Mervyn King speaks to the BBC's economics editor Stephanie Flanders about the great thinkers of economics

Sir Mervyn King was an economics professor at the London School of Economics before joining the Bank of England in 1991, and becoming its governor in 2003.

He studied at John Maynard Keynes' old college in Cambridge in the 1960s at a time when Keynesian economics was in the ascendant, but about to come under attack from monetarist economists such as Milton Friedman.

To my knowledge, Sir Mervyn has given just three extended television interviews since becoming governor. Only one of these - last month, for Channel 4 - was broadcast live.

I sat down with him for this interview in late February 2012 for the BBC 2 series, Masters of Money - a documentary series about the lives and economic thinking of Keynes, Friedrich Hayek and Karl Marx which I have written about before. The last episode, on Marx, is broadcast on 1 October.

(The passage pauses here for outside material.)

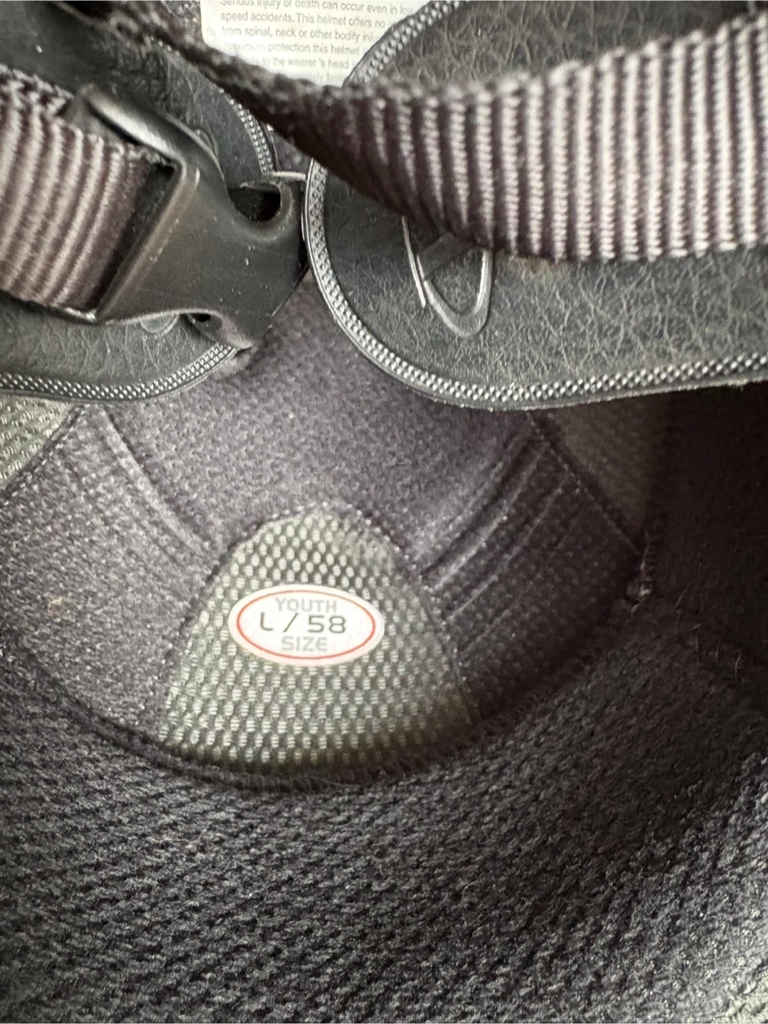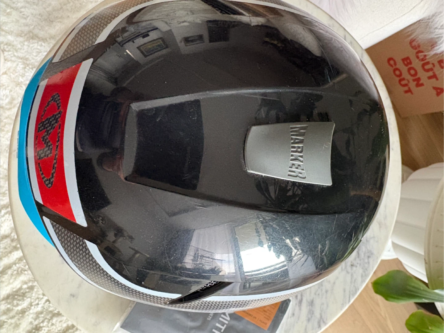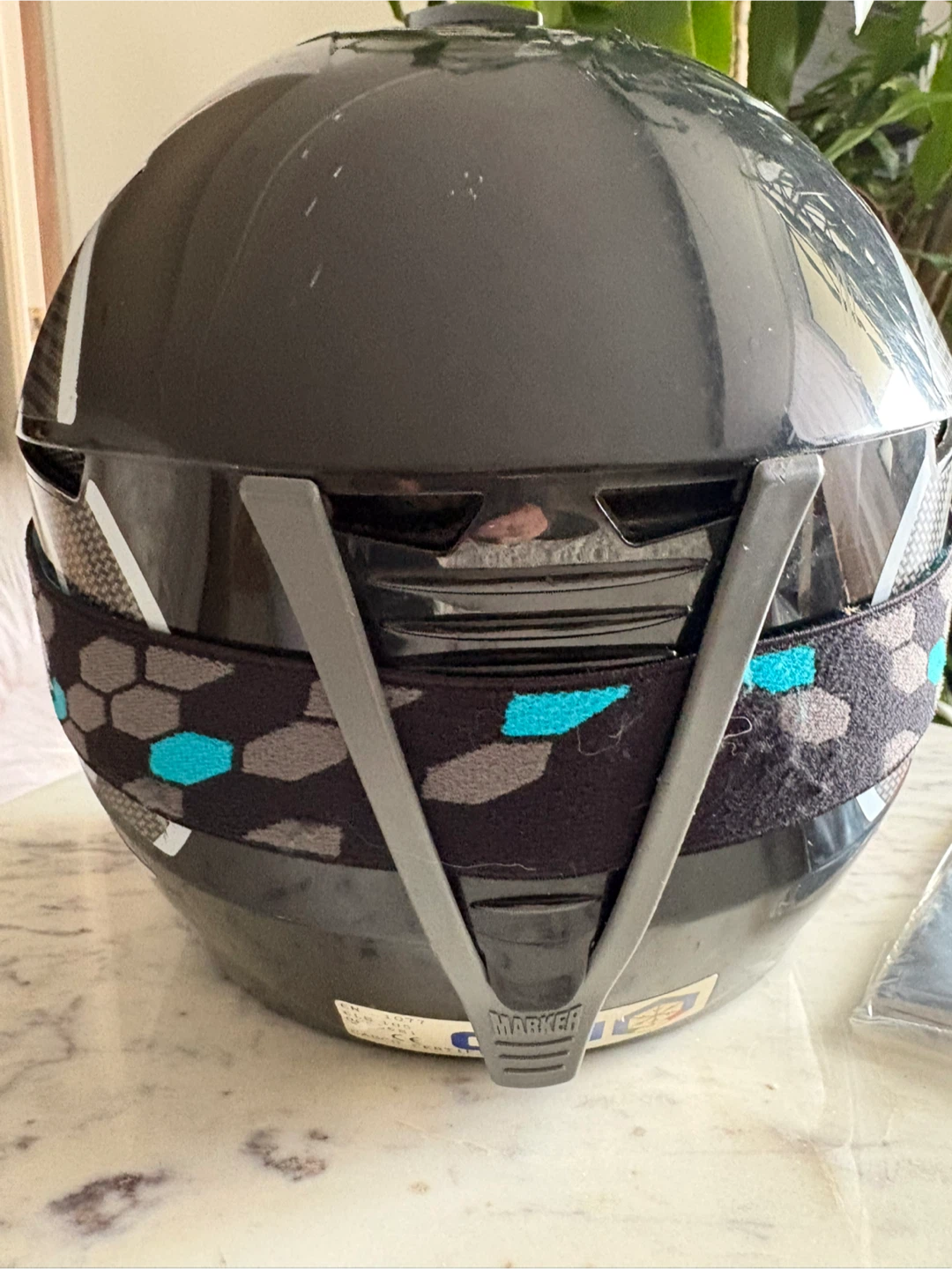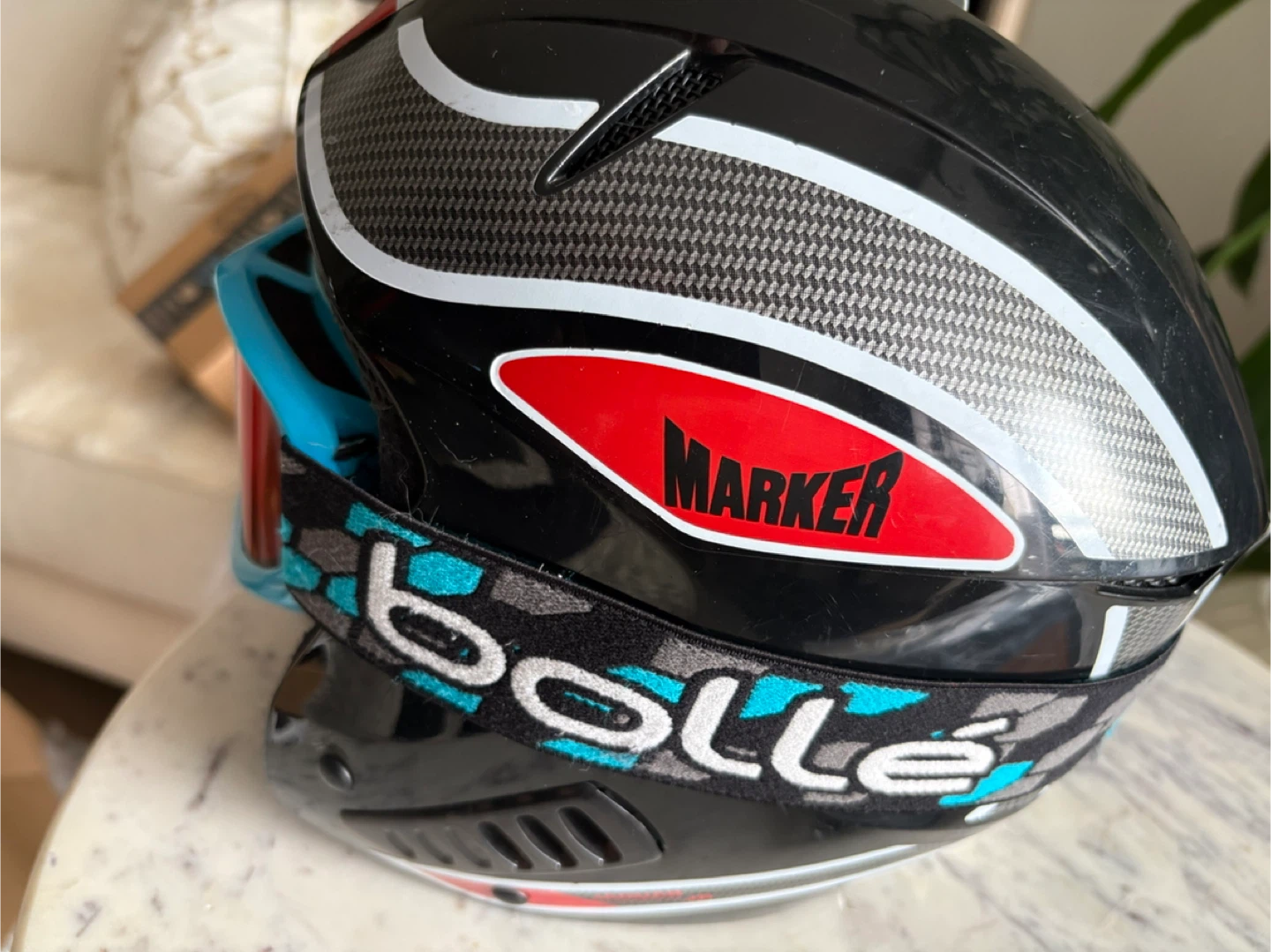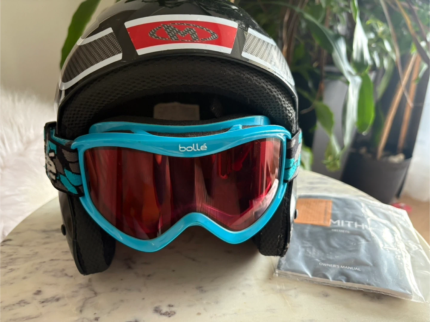 Selling a Marker ski helmet paired with Bolle ski goggles! The helmet is black with a carbon fibre design - youth size L/58, CSI certified, and the goggles have a cool blue and grey patterned strap. Also included is a Smith owner's manual.

In this interview the governor of the Bank of England comments on each man's contribution to economic history, and the relevance of their ideas to recent events.

Sir Mervyn says that the last few years have given him a deeper understanding of some of Keynes' writing about the 1930s.

Before the financial crisis of 2008, Sir Mervyn says, he had struggled to comprehend how policymakers had allowed the economic disasters of the interwar years to take place. Now he understands all too well.

He credits Hayek with having given economists a valuable warning against hubris. We can't predict the future, he says. And we probably can't prevent more crises from happening. But we can try to make the system better at coping with them.